蔓兒送那封信的時候,宋澤還不是太子的人呢,所以她這點還是放心的。
何況,她相信宋澤肯定是幫她送了信的。
宋澤看著她,目光毫無躲閃:“趙女醫,九皇子一到燕京就進宮面圣,緊接著就是安貴妃的事,至今他與我尚未聯系。”
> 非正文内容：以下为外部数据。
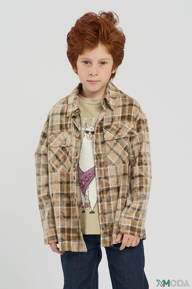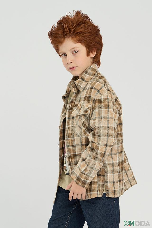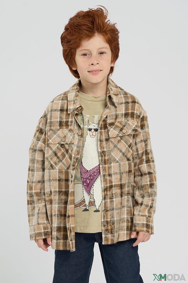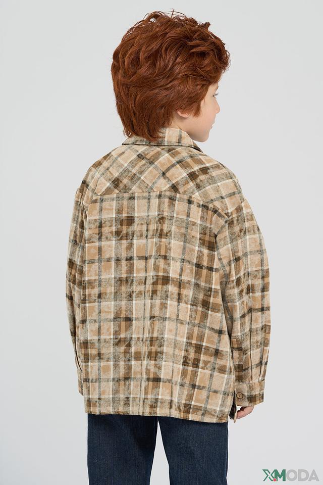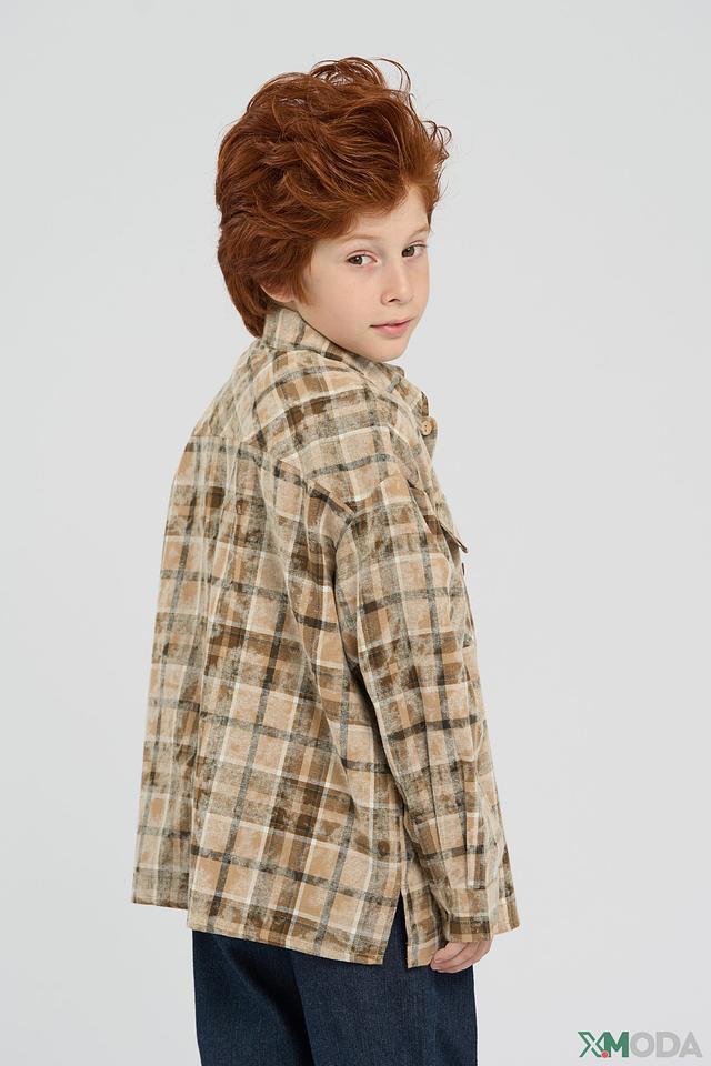 Рубашка Choupette детская в клетку бежево-коричневая, с карманами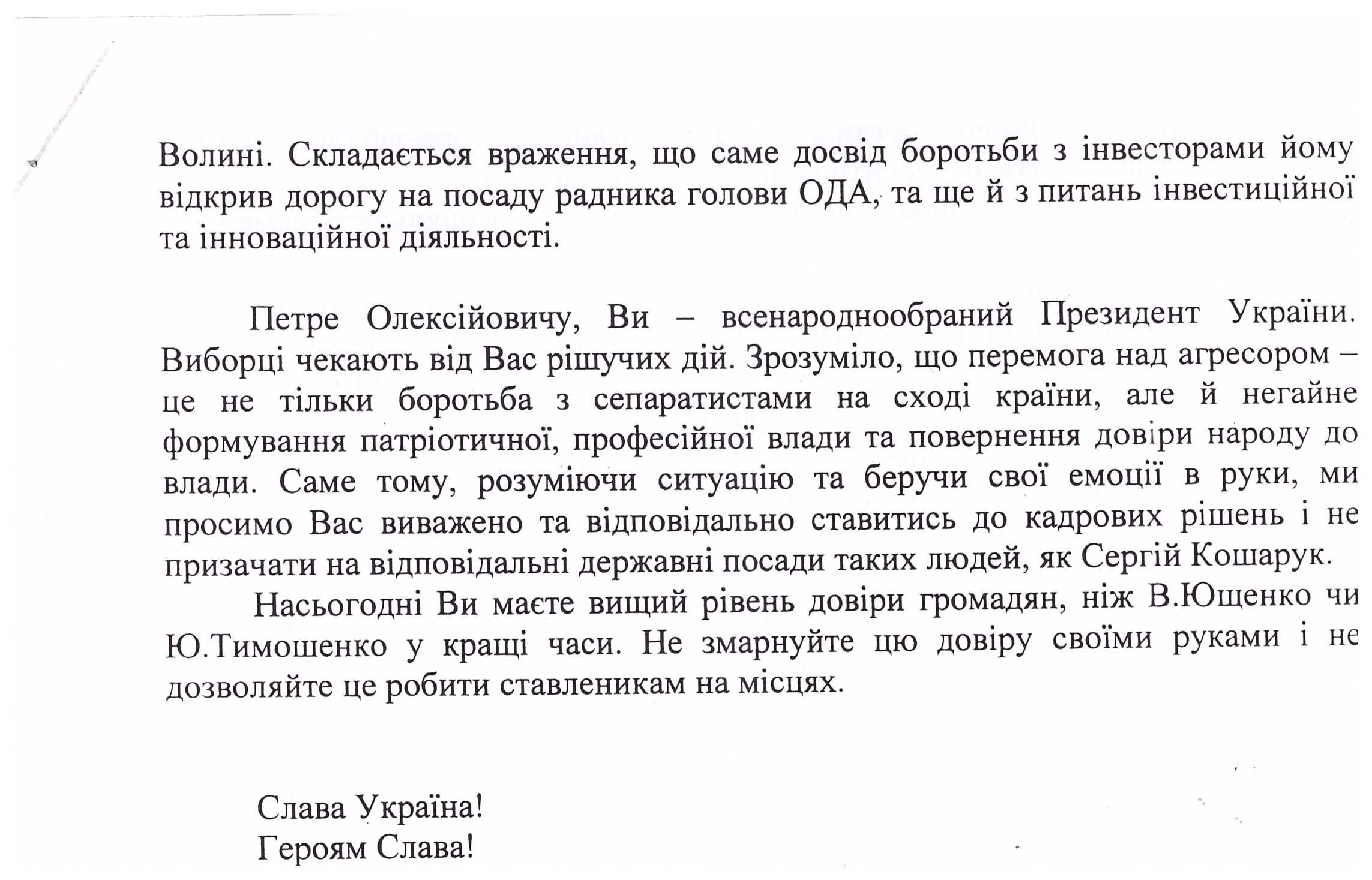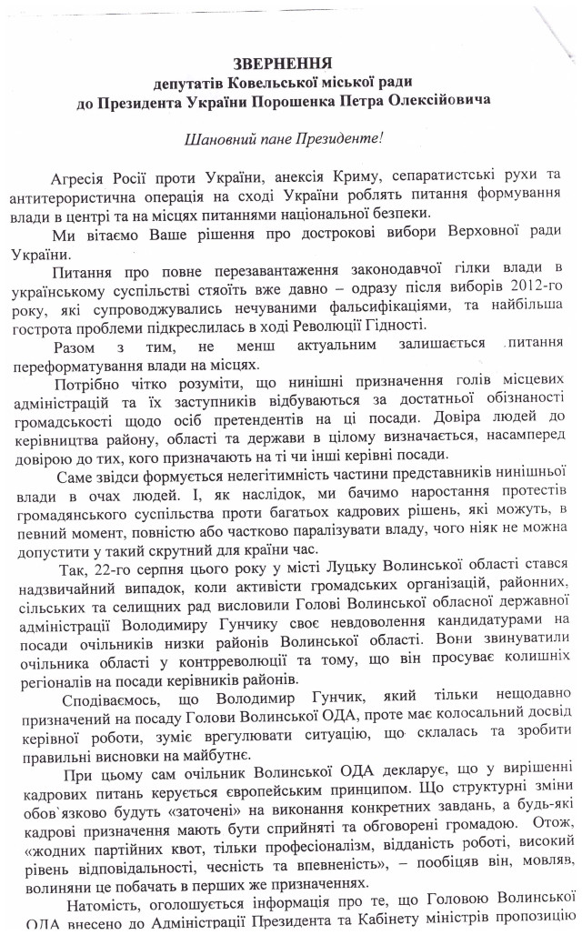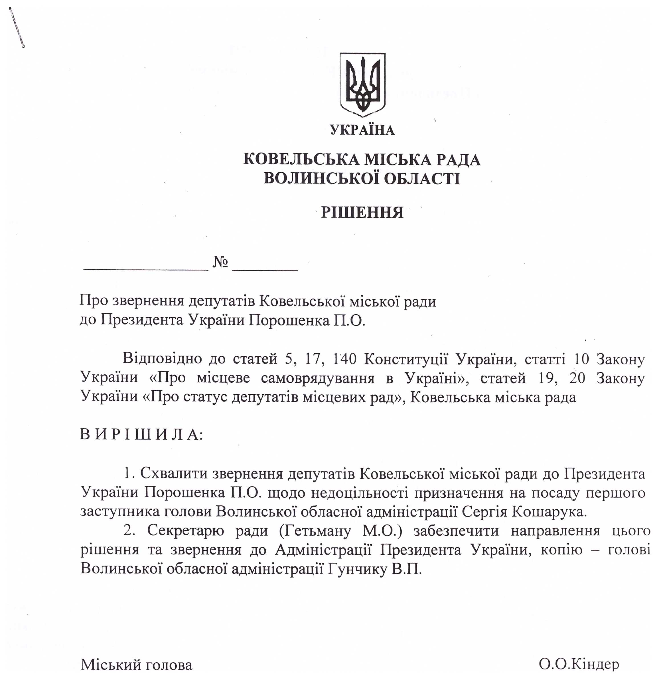 Так, чергова п’ятдесят дев’ята сесія Ковельської міської ради була надзвичайно неординарною. Ковельські депутати, дізнавшись зі ЗМІ, про те, що їх колега, Сергій Кошарук, може стати першим заступником голови Волинської ОДА, одразу ж підготували на чергову сесію звернення до Президента України Петра Порошенка, у якому застерігали главу держави від такого призначення (Текст звернення - нижче).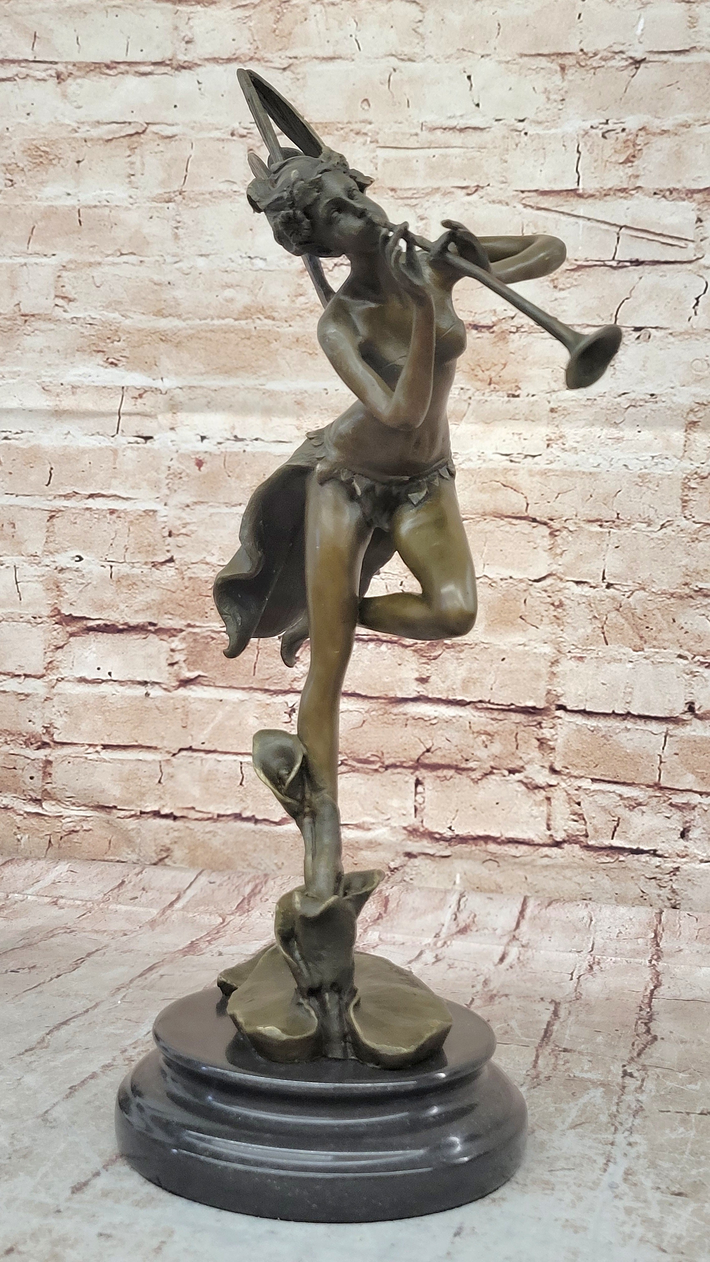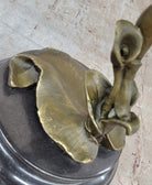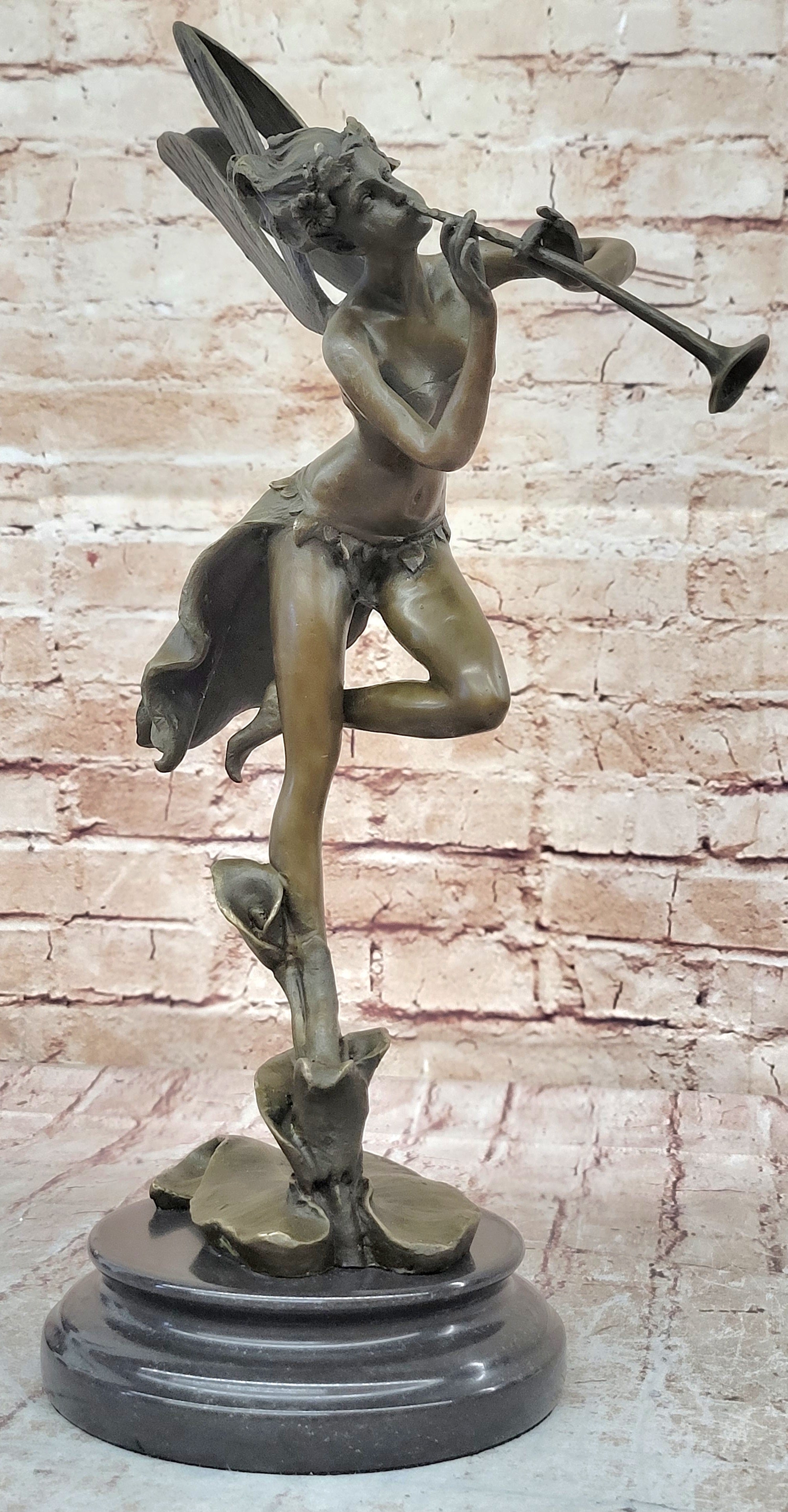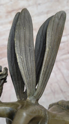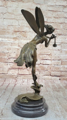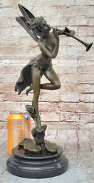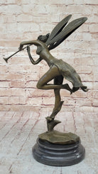 Trumpeting Winged Angel Fairy Garden Statue Bronze Sculpture Signed Art 15" x 10"

蔓兒的眼睛一下就熄滅了期待的星光,九皇子真想要她小命啊,那她出去還能安全么。
她遲疑著看向太子:“殿下,那個……我遲兩日再搬,嘿嘿。”
她得先打聽打聽情況,還要跟銘遠商量一下。
“趙女醫不用急著走。”太子眉目如畫,“先前你口中的典籍,我已經派人查過,是一本利國利民的要術之書,你還是繼續寫下去吧。”
蔓兒小表情一僵。
就是說,還是不讓自己走唄。
“殿下,臣出宮也能給你寫呀,現在臣有太醫的身份,也不能插雙翅膀跑了啊……”
蔓兒氣鼓鼓的,肉眼可見的臉蛋都氣紅了。
然而太子卻好像看不見似的:“怕是不插翅膀你也能跑出去,你說不是么,趙女醫?”
蔓兒愣住,她是想著,真要是走不了,就讓銘遠救自己走的。
可,太子是怎么知道自己還能出去的!
蔓兒心中有什么一閃而過。
蔓兒平日是大大咧咧的,可畢竟是個女人,心細的地方也很多。
此時想想,當初孔狄說的,讓自己去問賀銘遠為什么自己被抓。
又為何太子對她態度如此奇怪,壓根就不打算放她走。
難道,他是想憑借自己來要挾銘遠?
蔓兒感覺自己好像打開了潘多拉魔盒,無數的細節一股腦涌入了腦海。
她站在兩個男人身前,本來就小小一只,這會表情迷茫,顯得更像一只無辜的動物幼崽。
宋澤看了一眼太子:“殿下,趙女醫與安惠王爺是故交,亦是受過趙女醫救命之恩,無論如何,不會取趙女醫性命。”
蔓兒陡然被一提醒,又高興了。
對啊,她差點被太子給繞進去了。
不管如何,她救過九皇子和他側妃的命,他就算怪自己,也只可能不再往來,應該不會痛下殺手……
賀銘遠那事,看來她得好好想想到底是怎么回事了。
這男人不肯跟她透露一點風聲,蔓兒總覺得心里不爽,想痛扁他。但再怎么痛扁,那也是自己男人,要過一輩子的,他們倆之間能有什么過不去的坎呢。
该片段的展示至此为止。